人の遺伝子情報がすべてDNAに盛り込まれているとする生物学原理を覆す重大な発見が韓国の研究チームによって初めて報告されました。
ソウル大学医学部遺伝体医学研究所のソ・ジョンソン教授のチームは、このほど、韓国人18人の遺伝子情報を分析した結果、DNAには存在しない、RNA固有の塩基序列変異が大規模で存在していることを初めて突き止めました。

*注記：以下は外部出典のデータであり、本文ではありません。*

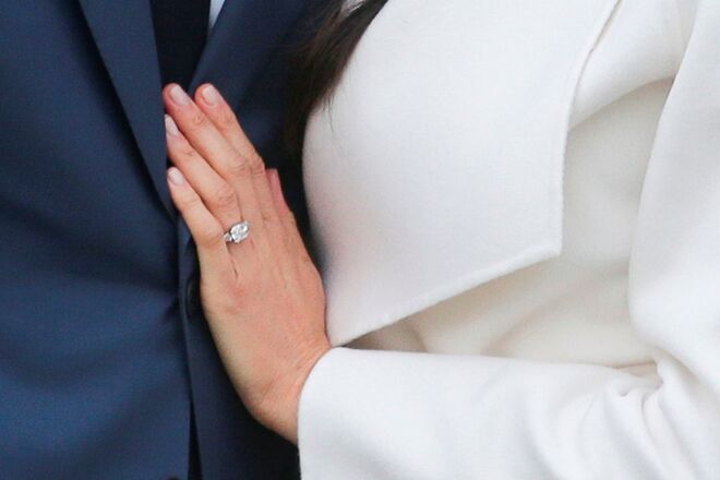 Obviamente, o elemento que mais brilhou foi o anel de noivado, desenhado pelo próprio Harry, com uma pedra preciosa central proveniente de Botswana, local onde o casal passou bastantes moemntos juntos, e vários diamantes da coleção pessoal da Princesa Diana.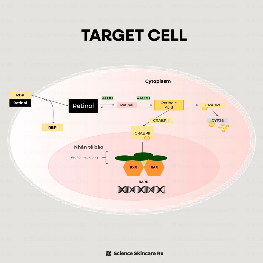 Và điều kiện tiên quyết để quá trình này diễn ra, Retinol và các tế bào sẽ luôn hoạt động theo quy tắc chìa khóa - ổ khóa. Vốn dĩ trên bề mặt của các tế bào, chúng luôn có thụ thể (tạm gọi là ổ khóa), và để kích hoạt tế bào đó hoạt động thì cần phải có Retinoic acid (tạm gọi là chìa khóa). Vậy nên, khi Retinol dung nạp vào da, chúng cần phải chuyển đổi thành Retinoic acid thì mới có thể hoạt động.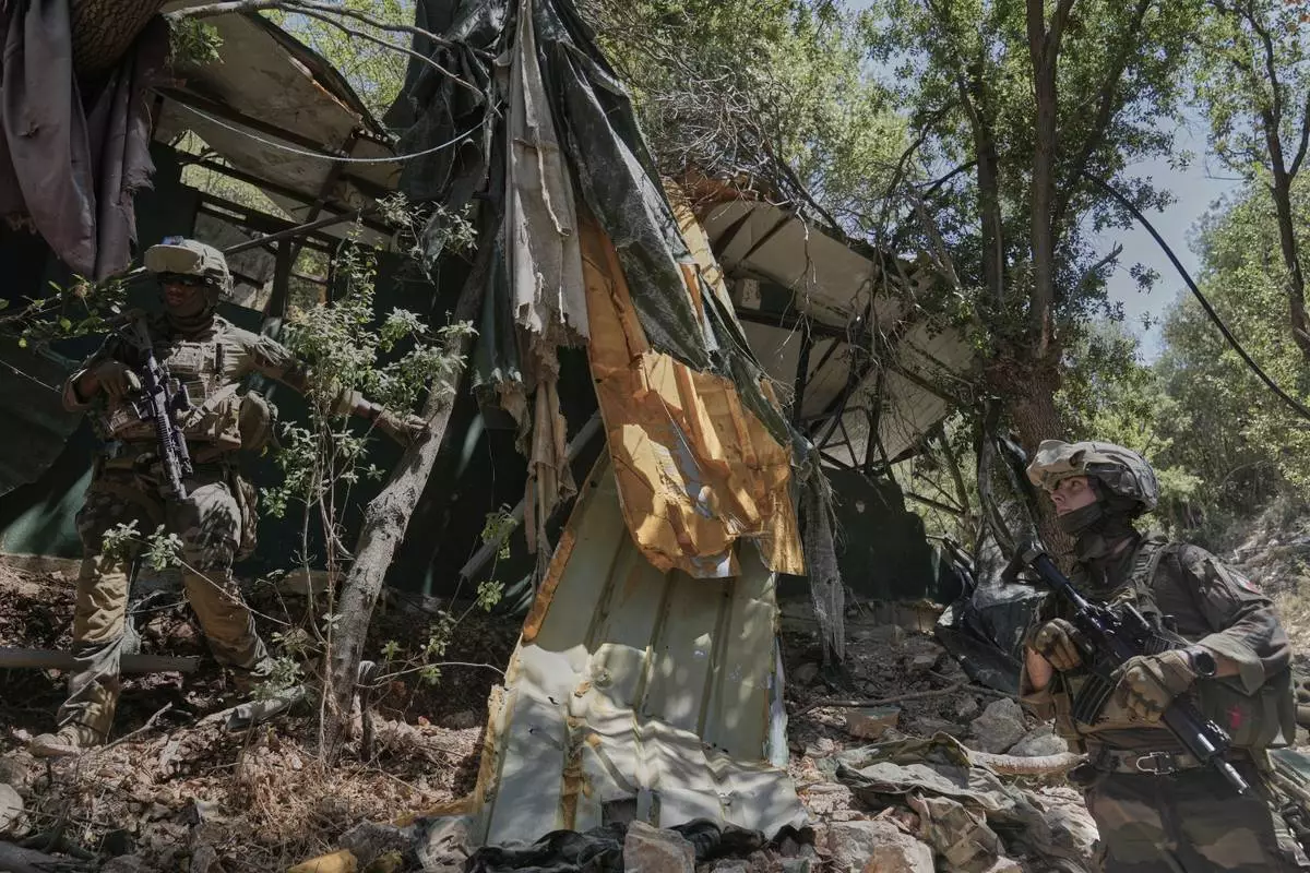 French U.N. peacekeepers inspect a destroyed Hezbollah position in the Saluki Valley, southern Lebanon, Wednesday, Aug. 20, 2025. (AP Photo/Hussein Malla)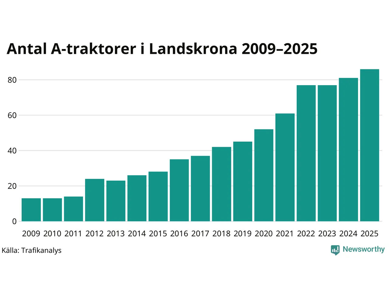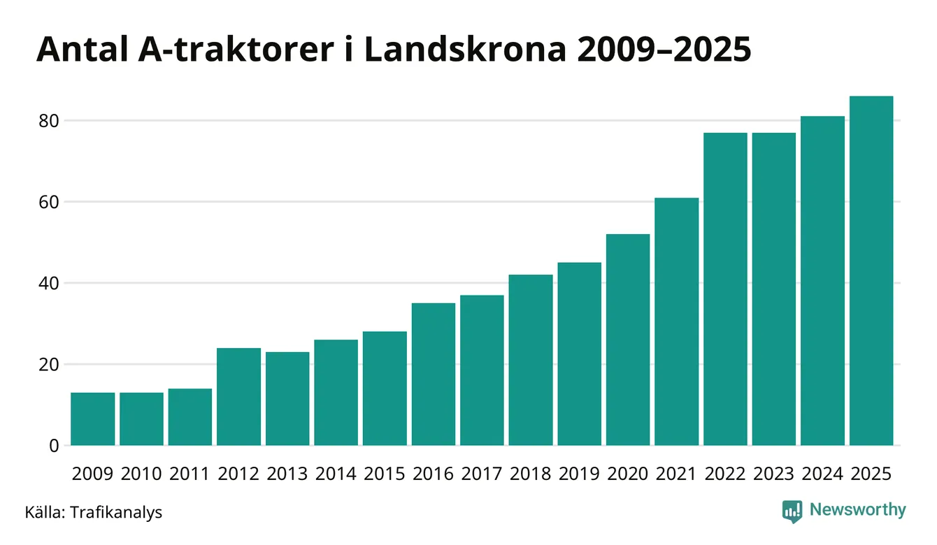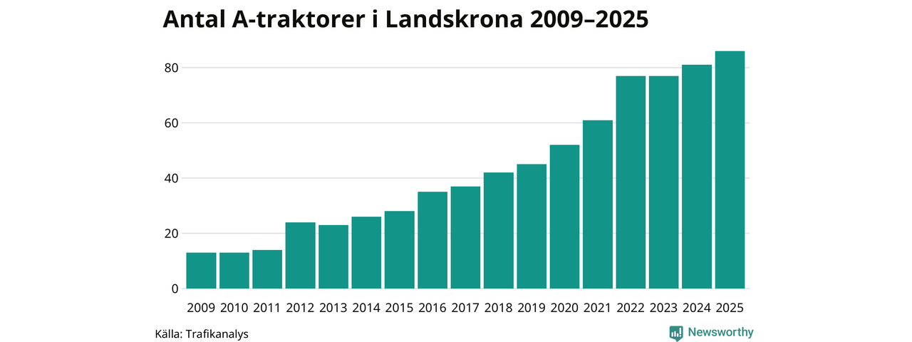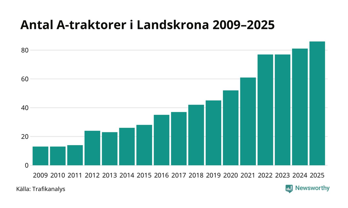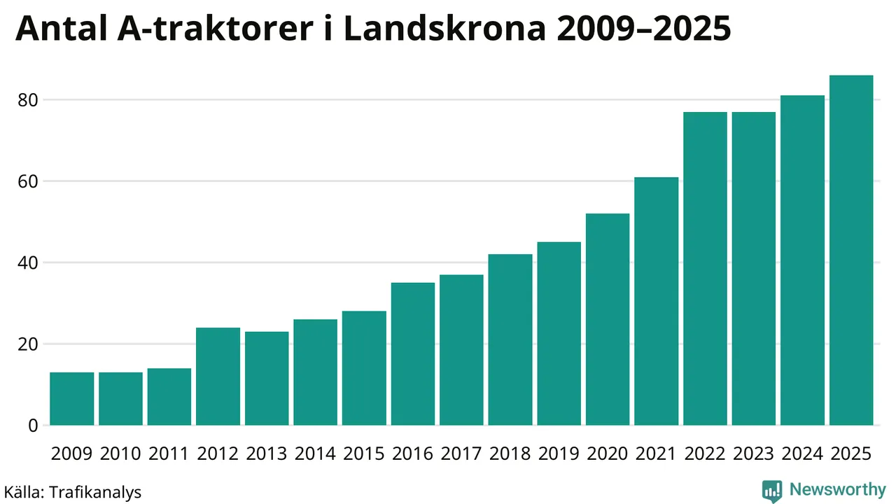 För andra året i rad ökar antalet A-traktorer i Landskrona kommun, visar nya siffror från Trafikanalys. I slutet av 2025 fanns 86 A-traktorer registrerade i kommunen, vilket är fem mer än året innan. Det visar nya siffror från Trafikanalys. Inte sedan åtminstone 2009, som är det första året vi har statistik för, har det funnits så många A-traktorer i kommunen.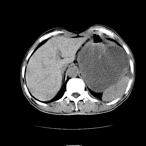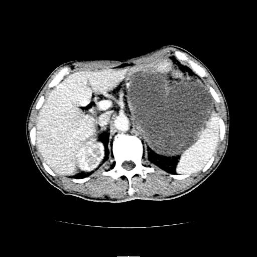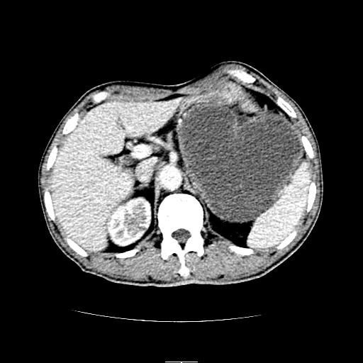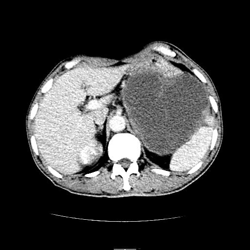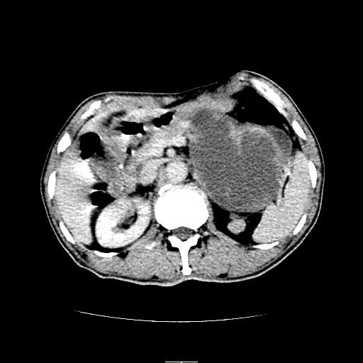 以下是引用dyqct在2007-3-5 8:43:00的发言:[br]左上腹胃、脾及胰腺间巨大囊性占位性病变,内见多数薄隔,有轻度强化,明显占位效应。左肾见一小囊肿。[br]考虑:1、左上腹巨大囊肿(可能来源于胰腺)。[br] 2、左肾小囊肿。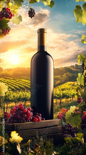Fototapeta premium A beautiful sunset glows over a picturesque vineyard, featuring a wine bottle surrounded by fresh grapes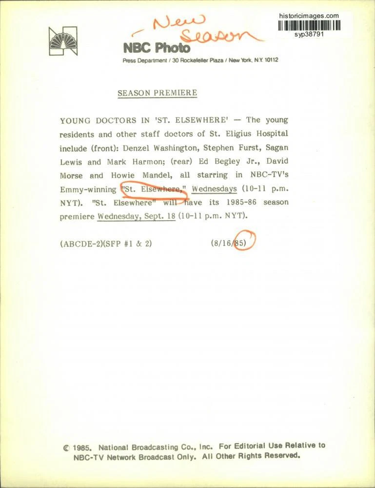 ebay template Note: Please study the images carefully to determine the condition of this vintage photograph, as it may not be in perfect condition. It may contain wrinkles, cracks, and possibly even tears due to its age and how it was handled before it got to us. A scanner may interpret colors and contrast differently than human eyes will, so it is possible that the actual photograph may be slightly darker or lighter in person. This vintage photograph is offered for sale as a collectible item and conveys no transfer of copyright. 1985 Press Photo Young Doctors in "St. Elsewhere" on NBC-Television - syp38791 This is an original press photo. Young doctors in "St. Elsewhere" - The young residents and other staff doctors of St. Eligius Hospital include (front): Denzel Washington, Stephen Furst, Sagan Lewis and Mark Harmon; (rear) Ed Begley, Jr., David Morse and Howie Mandel, all starring in NBC-Television's Emmy-winning "St. Elsewhere", Wednesdays (10-11 p.m. New York Time). "St. Elsewhere" will have its 1985-86 season premiere Wednesday, September 18 (10-11 p.m. New York Time).Photo measures 7 x 9.25inches. Photo is dated 08-16-1985. PHOTO FRONT PHOTO BACK Historic Images Part Number: syp38791 Sell Smarter with Kyozou. Inventory and Ecommerce Management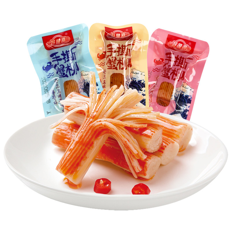 好鱼道手撕蟹柳棒小零食开袋即食蟹肉棒怀旧蟹足棒休闲便携小包装,卖家天天特卖工厂,【详情页淘金币+联盟补贴】好鱼道手撕蟹柳40包*320g,吃一口就爱上!被丝丝蟹香包围的快乐,入口鲜嫩,不腥又香甜!每个都是独立包装,干净便携!
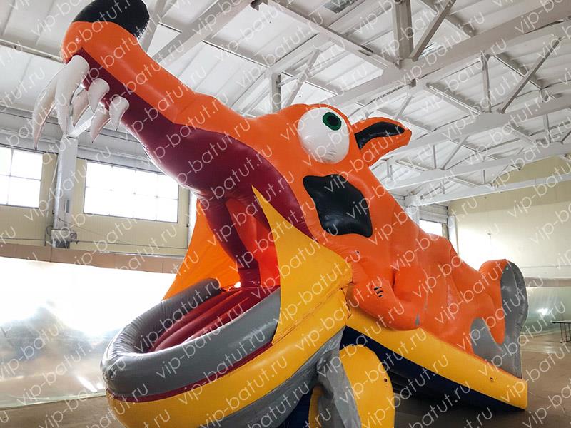 Малыши любят надувные аттракционы в форме знакомых персонажей – элемент узнавания всегда важен и приятен. Поэтому к новому пневматическому роботу непременно выстроится длиннющая очередь из поклонников отличного мультфильма. И когда закругленная саблезубая пасть откроется, все наперегонки залезут внутрь. Теперь начинается самое интересное – компрессор нагнетает воздух в нижнюю челюсть робота и она закрывается, превращаясь в настоящую надувную горку.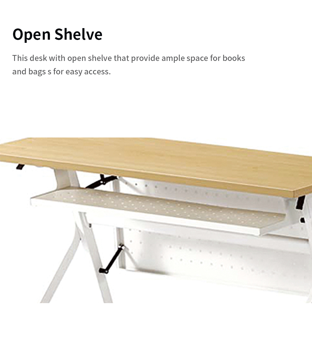 This desk with open shelve that provide ample space for books and bags s for easy access.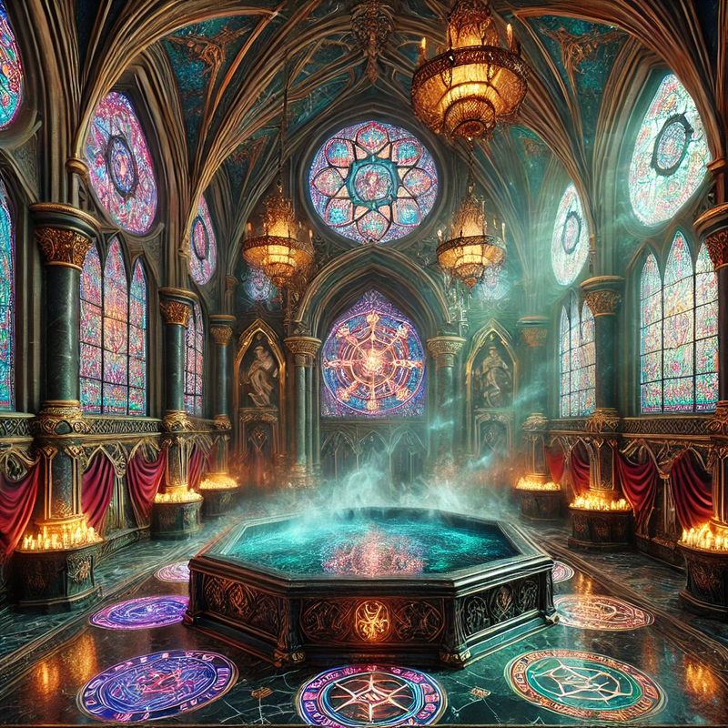 На підлозі з темного мармуру загадково пульсують магічні кола, що обрамляють зону для купання. Різнобарвні вітражні вікна, перемежовані чорними декоративними колонами з золотою ліпниною, переливаються, додаючи простору барвистої величі.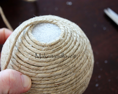 Then added more glue as I went, and winded more and more cord, flush against the ball. (Place your glue right on the styrofoam ball, up against the edge of the cording.)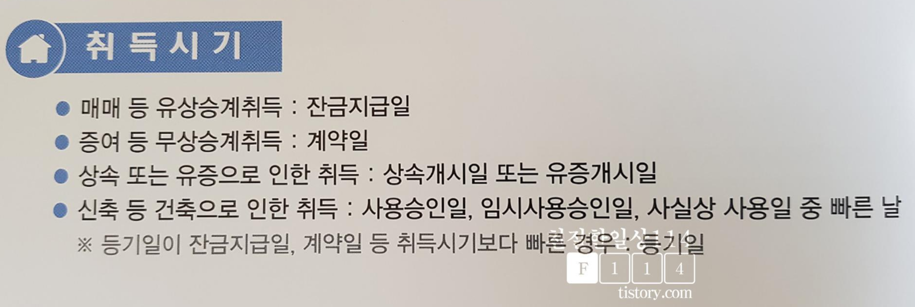 => 아파트, 주택 등의 주로 이루어지는 매매 방식으로 취득시기는 잔금지급일을 기준으로 삼으면 되겠다.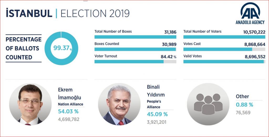 Η διαδικασία επανάληψης των εκλογών για τον δήμο της Κωνσταντινούπολης μπορεί να αμφισβητήθηκε από δεκάδες διεθνείς οργανισμούς, χάρισε όμως στους Τούρκους πολίτες μια – σπάνια για τη χώρα – δημοκρατική διαδικασία. Στην εκλογική αναμέτρηση της 31ης Μαρτίου, ο υποψήφιος του Ρεπουμπλικανικού Λαϊκού Κόμματος (CHP), Εκρέμ Ιμάμογλου, επικράτησε με μικρή διαφορά του εκλεκτού του Τούρκου προέδρου, Μπιναλί Γιλντιρίμ, σε μία σπάνια εκλογική ήττα για τον Ερντογάν.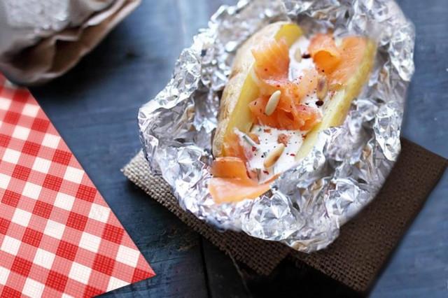 - на запеченном картофеле сделайте глубокий надрез, выложите в него кусочек лосося и немного соуса, посыпьте кедровыми орехами;
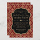 Invitación Red & Gold Heart Damask Valentine's Dinner Party

これまで生物学者の間では、DNAに人間のすべての遺伝情報が貯蔵され、 この情報が遺伝情報を取り出す働きをもつRNAを経てたんぱく質になるというのが、従来の生物学の原理でした。しかし、今回、ソ・ジョンソン教授のチームは、DNAにはないRNAの塩基序列変異が少なくとも1800以上も存在することを確認しました。
DNA遺伝情報が発生する過程でその中間物質のRNAにも新たな遺伝情報が入力されるということです。
RNA変異は、DNAに影響されずに人の遺伝情報を大きく変えることが可能で、DNAの塩基序列が生命体のあらゆる遺伝情報を決めるという従来の理論は、説得力を失うことになりました。ソ・ジョンソン教授は、「DNAではなくRNA序列分析が今後、人間の遺伝体研究に欠かせない要素となる」として期待感を示しました。この研究成果は、4日付けの国際学術誌「ネイチャージェネティクス」に掲載されました。